Deborah S. Davis’s primary teaching interests are inequality and stratification, contemporary Chinese society, and methods of fieldwork. In addition to teaching at Yale, she runs a summer fieldwork seminar where Yale students work collaboratively with students from Hong Kong and China. Davis is currently a member of the National Committee on US China Relations, Associate Editor of The Journal of Asian Studies, and on the editorial board of The China Quarterly. In 2004 she helped launch the Yale China Health Journal. At Yale she has served as Director of Academic Programs at the Yale Center for the Study of Globalization, Chair of the Department of Sociology, Chair of the Council of East Asian Studies, Director of Graduate Studies in both East Asian Studies and Sociology, Member of the Publications Committee for Yale Press, co-chair of the Women Faculty Forum and Member of the Tenure Appointments Committee for the Social Sciences.

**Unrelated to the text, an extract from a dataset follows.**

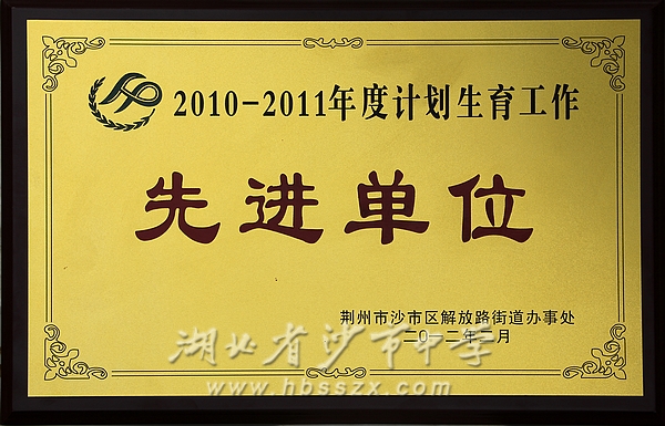 2012年02月榮獲2010至2011年度計劃生育工作先進單位稱號

Author or editor of 10 books, past publications have analyzed the politics of the Cultural Revolution, Chinese family life, social welfare policy, consumer culture, property rights, social stratification and occupational mobility. In 2009, Stanford University Press published Creating Wealth and Poverty in Post-Socialist China, co-edited with Wang Feng. Forthcoming with Stanford in 2014 is a volume entitled Wives, Husbands and Lovers: Marriage and Sexuality in Hong Kong, Taiwan, and Urban China, co-edited with Sara Friedman. Also forthcoming are essays that use satellite night-time light images to track and estimate the social impact of urbanization in China. Currently she is completing a monograph entitled A Home of Their Own, a study of the social consequences of the privatization on the institution of marriage in Shanghai.
A graduate of Wellesley College, Davis received a Masters degree in East Asian Studies from Harvard, a Ph.D. in Sociology from Boston University and post-doctoral research grants from ACLS, SSRC, the National Academy of Sciences, NIA, and the Luce, Rockefeller, and Templeton Foundations. In 2013 she was awarded the Yale College Lex Hixon ’63 Teaching Prize for Excellence in the Social Sciences.

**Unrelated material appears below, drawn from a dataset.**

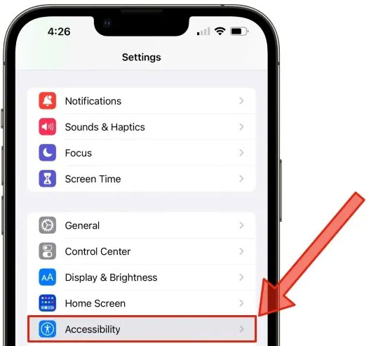 2. Cuộn xuống và chọn Accessibility từ menu.

Davis has been involved in the development of Yale-NUS College since 2009 as part of the original committee to visit Singapore on first Yale exploratory trip to discuss the aspirations of NUS for a liberal arts college in Asia and the role Yale might potentially play. She subsequently participated in the early curriculum development discussions. After the formal announcement of the College, Debbie chaired the inaugural Social Science Faculty Search Committee and remained involved in curriculum development.
Until recently three binaries dominated analysis of urban China: urban versus rural, coast versus interior, and permanent versus temporary resident. Although these dichotomies did not reflect the actual heterogeneity of urban life they persisted because they sharpened our analytic models and focused debates. in this lecture Professor Davis explains the advantages of discarding these three binaries and approaching urbanization and urbanity along several continua.